Sounds like a lousy deal.
<<<So it is far from clear that raising the minimum wage really does “throw many people out of work,” intuitive as that may seem to you.>>>
Sounds like you’ll have to reread your own cite. Your own source just got telling you that a 10% minimum wage hike would cause a 25% increase in unemployment “at the low end,” and potentially increase it by 250% (The inverse effect of a 10% decline in employment, and a corresponding increase in unemployment to 14% from current levels.)
No. Your own citation makes it extremely clear that raising the minimum wage really does throw people out of work, in every study the HHS looked at.
Guinistasia: << A woman who got one dollar a day-and could not feed her family properly, but that’s the only work she could get.>>
Yes, perhaps. and “That’s the only work she could get,” I think, is the operative term. Well, maybe the factory could pull out and she could always go into prostitution or something. Would that be preferable?
ITR Champion: <<<Have you convinced yourself that everyone in Guatemala was unemployed until those kindly, humanitarian American corporations agreed to set up sweatshops there?>>
No. But everyone who’s working at the factory was–or at least, underemployed, and making LESS than that “proverbial” $1 day (A figure which actually I’d like to see a cite for. I’m thinking sweatshop wages in Nicaragua tend closer to 30-50 cents/hour, which equates to several TIMES that figure). That wage figure is corroborated by http://www.nlcnet.org/nicaragua/jemiii.htm
Weren’t you just jumping on brent for posting “facts” without cites?
<<Just because it provides them with jobs-perhaps if the Americans hadn’t gone in there specifically to exploit the land and the workers, they may have done all right on their own.>>
You’re making some absolutely huge leaps of logic here.
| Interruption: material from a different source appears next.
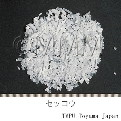 原植物名含水硫酸カルシウム(軟)CaSO4・2H2O,無水硫酸カルシウム(硬), CaSO4・1/2 H2O(焼石膏) / Natural hydrous calcium sulfate, 石膏

After all, wasn’t it the Spanish, not the Americans, who did most of the historical “exploiting?”
And if someone comes in and opens a factory and pays people more than what they’d be making working in the fields (which is how they are able to hire people in the first place), it’s kinda hard for me to consider that “exploiting.” Sounds to me like a developing economy is making some progress. If that’s exploitation, then we ought to do a lot more of it.
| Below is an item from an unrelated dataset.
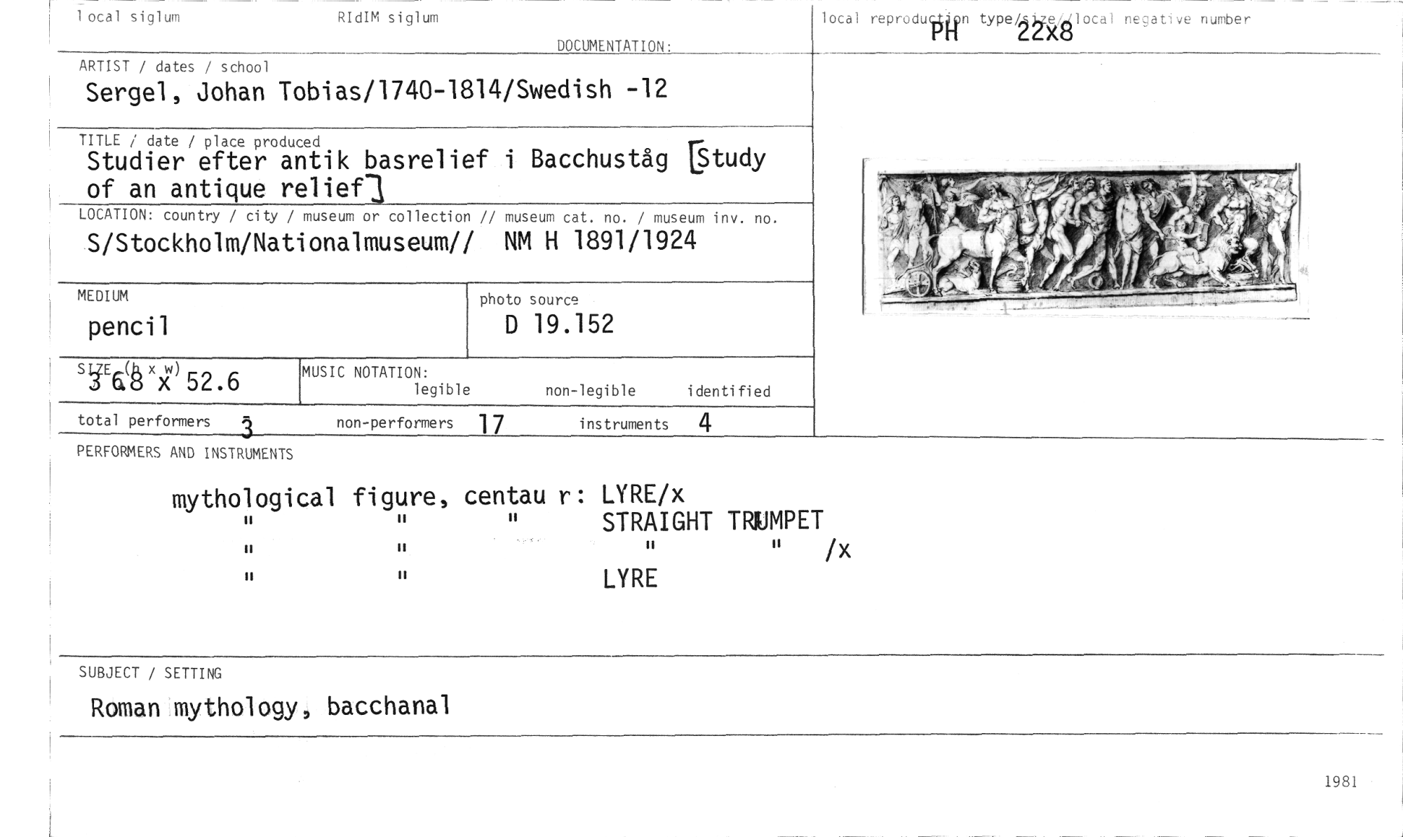 //// 1 ocal siglum RIdIM siglum //// DOCUMENTATION: //// ARTIST / dates / school //// Sergel, Johan Tobias/1740-1814/Swedish -12 //// local reprodu ffn type/LAke4,41ocal negative number //// LXiö //// //// TITLE / date / place produced //// Studier efter antik basrelief i Bacchuståg [Study //// of an antique //// LOCATION: country / city / museum or collection // museum cat. no. / museum inv. no. //// S/Stockholm/Nationalmuseum// NM H 1891/1924 //// MEDIUM photo source //// pencil D 19.152 //// //// //// //// äEä x)`(") 52.6 //// MUSIC NOTATION: //// legible non-legible i denti fi ed //// total performers 3 //// PERFORMERS AND INSTRUMENTS //// non-performers 17 instruments 4 //// mythological figure, centau r: LYRE/x //// H STRAIGHT TRUMPET //// " /x //// LYRE //// SUBJECT / SETTING //// Roman mythology, bacchanal //// 1981 ////

<<<<One of my professors is an expert on American policy in Latin America.>>>>>
Ooooh.
Well, ok. One of MY professors (Dr. Alex Hybel) was an expert on American policy in Latin America, too. So where does THAT leave us?
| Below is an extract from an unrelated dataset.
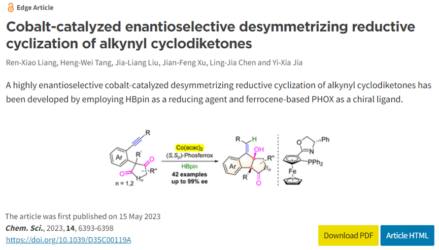 该成果以“Cobalt-Catalyzed Enantioselective Desymmetrizing Reductive Cyclization of Alkynyl Cyclodiketones”为题发表于英国皇家化学学会旗舰期刊《Chemical Science》。论文通讯作者为梁仁校副教授和贾义霞教授,该研究工作得到了国家自然科学基金和浙江省自然科学基金的资助。

ITR Champion: <<<<Do you feel workers in both the third world and the USA have no right to expect a certain standard of living in exchange for the work that they do?>>>
Absolutely correct. They ought to have a right to pursue work elsewhere if they sense a better opportunity. And they ought to have some confidence that contract law will be enforced in the court system. But there is no “right” to a certain “standard of living.” That’s a total fabrication on your part.